#### Your task:
The entries below contain pictures. Write out only the lines from the line with "2021年11月17日,馬鞍" up to and including the line with "Versace Classic Medusa", exactly, without them.

[Excerpts from a dataset]
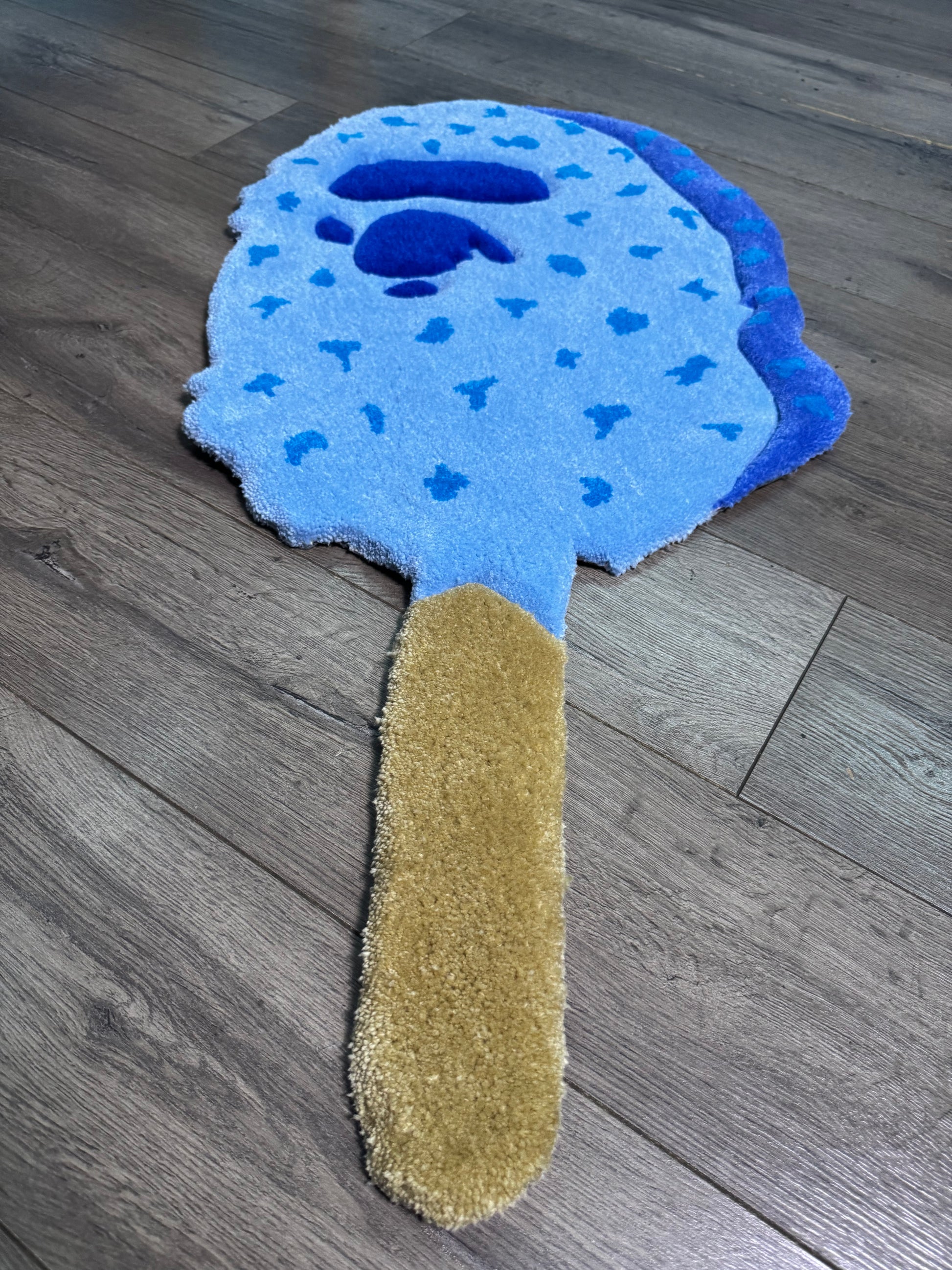 Introducing our 100% handmade Bape Blueberry Ice Cream Rug! Made with 100% acrylic yarn, this rug measures L 3ft 1in W 1ft 5in, bringing a pop of color and fun to any room. Add character and cozy vibes with this unique piece.
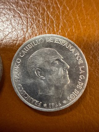 Moneda conmemorativa de 50 céntimos de España, año 1966. - Anverso: Retrato de Francisco Franco Caudillo de España. - Reverso: Inscripción POR LA G. DE DIOS y el año 1966.
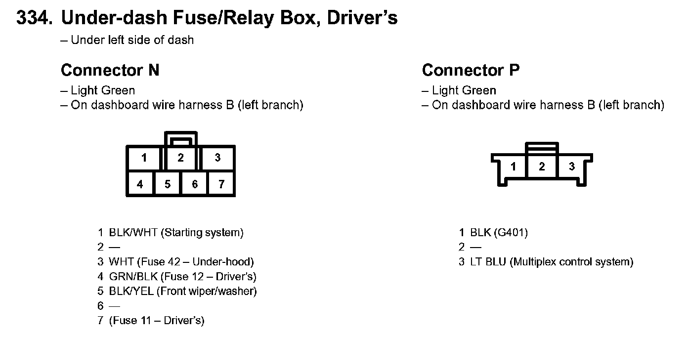 334. Under-dash Fuse/Relay Box, Driver's Part 2:
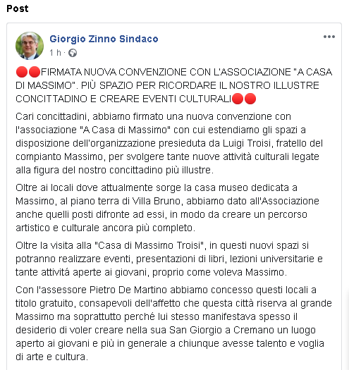 Cari concittadini, abbiamo firmato una nuova convenzione con l'associazione "A Casa di Massimo" con cui estendiamo gli spazi a disposizione dell’organizzazione presieduta da Luigi Troisi, fratello del compianto Massimo, per svolgere tante nuove attività culturali legate alla figura del nostro concittadino più illustre. Oltre ai locali dove attualmente sorge la casa museo dedicata a Massimo, al piano terra di Villa Bruno, abbiamo dato all'Associazione anche quelli posti difronte ad essi, in modo da creare un percorso artistico e culturale ancora più completo. Oltre la visita alla "Casa di Massimo Troisi", in questi nuovi spazi si potranno realizzare eventi, presentazioni di libri, lezioni universitarie e tante attivitá aperte ai giovani, proprio come voleva Massimo. Con l'assessore Pietro De Martino abbiamo concesso questi locali a titolo gratuito, consapevoli dell'affetto che questa città riserva al grande Massimo ma soprattutto perché lui stesso manifestava spesso il desiderio di voler creare nella sua San Giorgio a Cremano un luogo aperto ai giovani e più in generale a chiunque avesse talento e voglia di arte e cultura."
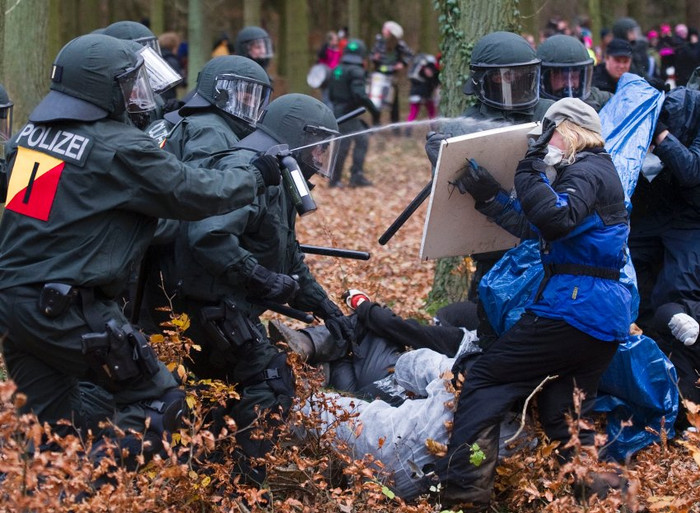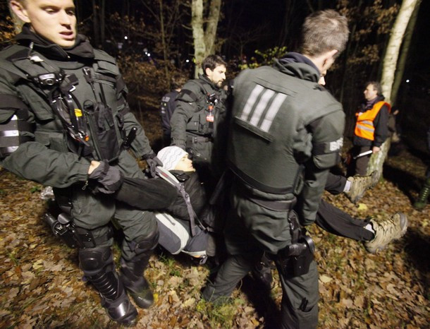 | Trước đó, hôm 7/11 hàng trăm người đã phong toả tuyến đường sắt nơi đoàn tàu 14 toa, chở 123 tấn rác thải hạt nhân đi qua tại thị trấn Morschen. |
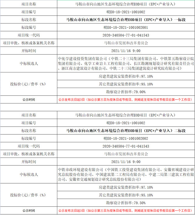 2021年11月17日,馬鞍山市公告資源交易中心發(fā)布《馬鞍山市向山地區(qū)生態(tài)環(huán)境綜合治理EOD項目(EPC+產(chǎn)業(yè)導(dǎo)入)項目中標(biāo)公示》。
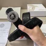 Versace Classic Medusa Relief Ring Buckle Black Texture Belt Simple Fashion Noble Luxury $210.00 Original price was: $210.00.$66.69Current price is: $66.69.
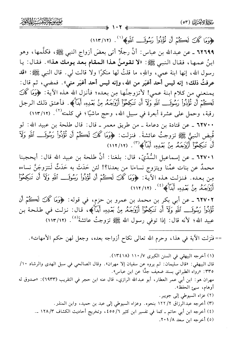 ٦٢٧٠٠ - عن قتادة بن دعامة -من طريق معمر- قال: قال طلحة بن عبيد الله: لو قُبِض النبيُّ - صلى الله عليه وسلم - تزوجتُ عائشةَ. فنزلت: {وما كانَ لَكُمْ أنْ تُؤْذُوا رَسُولَ اللَّهِ ولا أنْ تَنْكِحُوا أزْواجَهُ مِن بَعْدِهِ أبَدًا} (¬٣). (١٢/ ١١٢)

#### Response area:
 2021年11月17日,馬鞍山市公告資源交易中心發(fā)布《馬鞍山市向山地區(qū)生態(tài)環(huán)境綜合治理EOD項目(EPC+產(chǎn)業(yè)導(dǎo)入)項目中標(biāo)公示》。
 Versace Classic Medusa Relief Ring Buckle Black Texture Belt Simple Fashion Noble Luxury $210.00 Original price was: $210.00.$66.69Current price is: $66.69.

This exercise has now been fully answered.